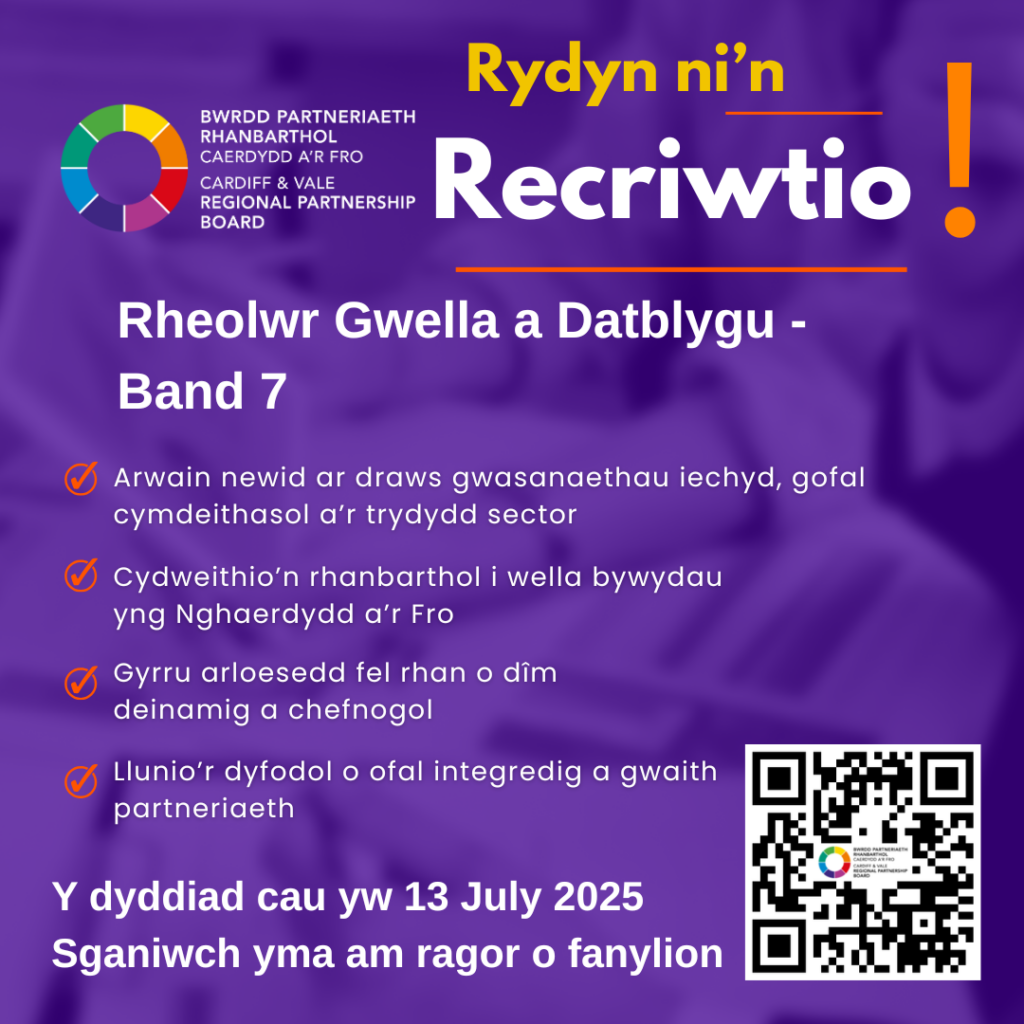 Rydyn ni’n recriwtio Rheolwr Gwella a Datblygu Band 7 i gefnogi gwaith partneriaeth ar draws iechyd, gofal cymdeithasol a’r trydydd sector.
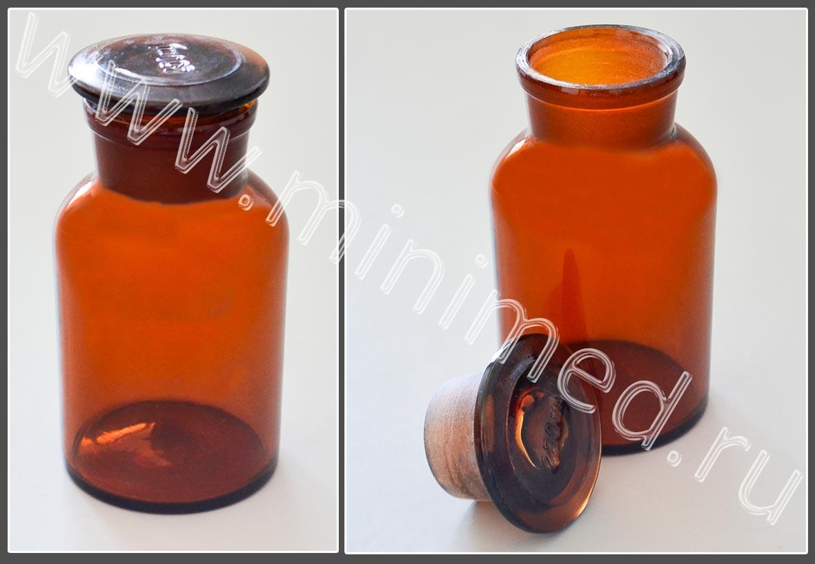 Склянка лабораторная 250 мл из темного стекла с широкой горловиной и притертой пробкой, уп.6/72, 48 шт
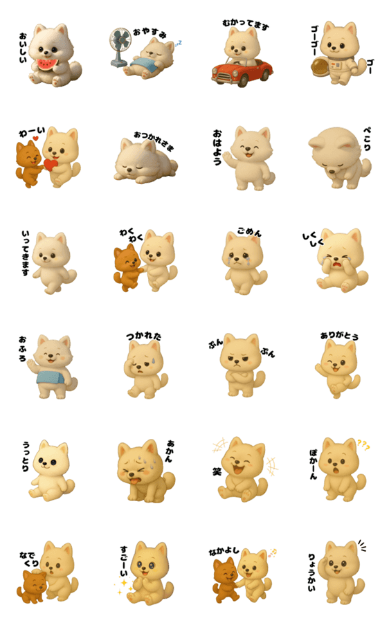もふもふで愛くるしいポメちゃんが、日常の様々なシーンを楽しく彩るスタンプです。喜怒哀楽の豊かな表情で、毎日の会話がさらに盛り上がること間違いなし!
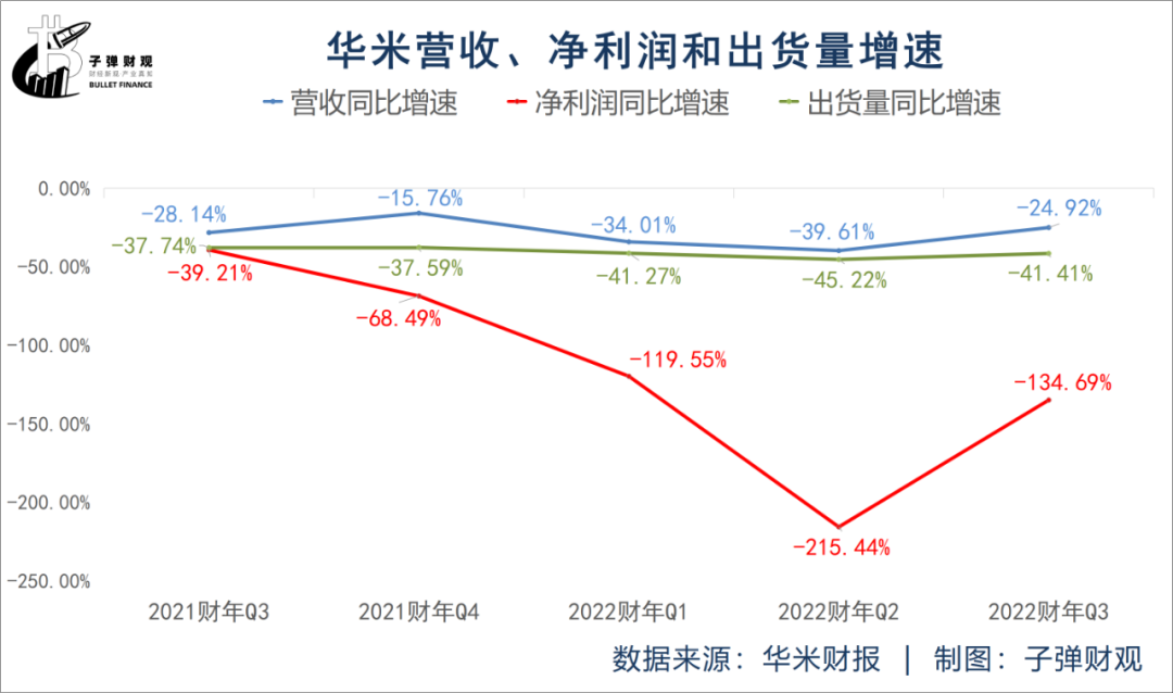 最新财报显示,2022年第三季度华米营收12.06亿元,同比下降24.9%。而营收下滑的主要原因是小米手环销售额下降了43.2%。

What this task involves: Copy the material above in full and exactly, skipping pictures.

Solution for this problem:
 Rydyn ni’n recriwtio Rheolwr Gwella a Datblygu Band 7 i gefnogi gwaith partneriaeth ar draws iechyd, gofal cymdeithasol a’r trydydd sector.
 Склянка лабораторная 250 мл из темного стекла с широкой горловиной и притертой пробкой, уп.6/72, 48 шт
もふもふで愛くるしいポメちゃんが、日常の様々なシーンを楽しく彩るスタンプです。喜怒哀楽の豊かな表情で、毎日の会話がさらに盛り上がること間違いなし!
 最新财报显示,2022年第三季度华米营收12.06亿元,同比下降24.9%。而营收下滑的主要原因是小米手环销售额下降了43.2%。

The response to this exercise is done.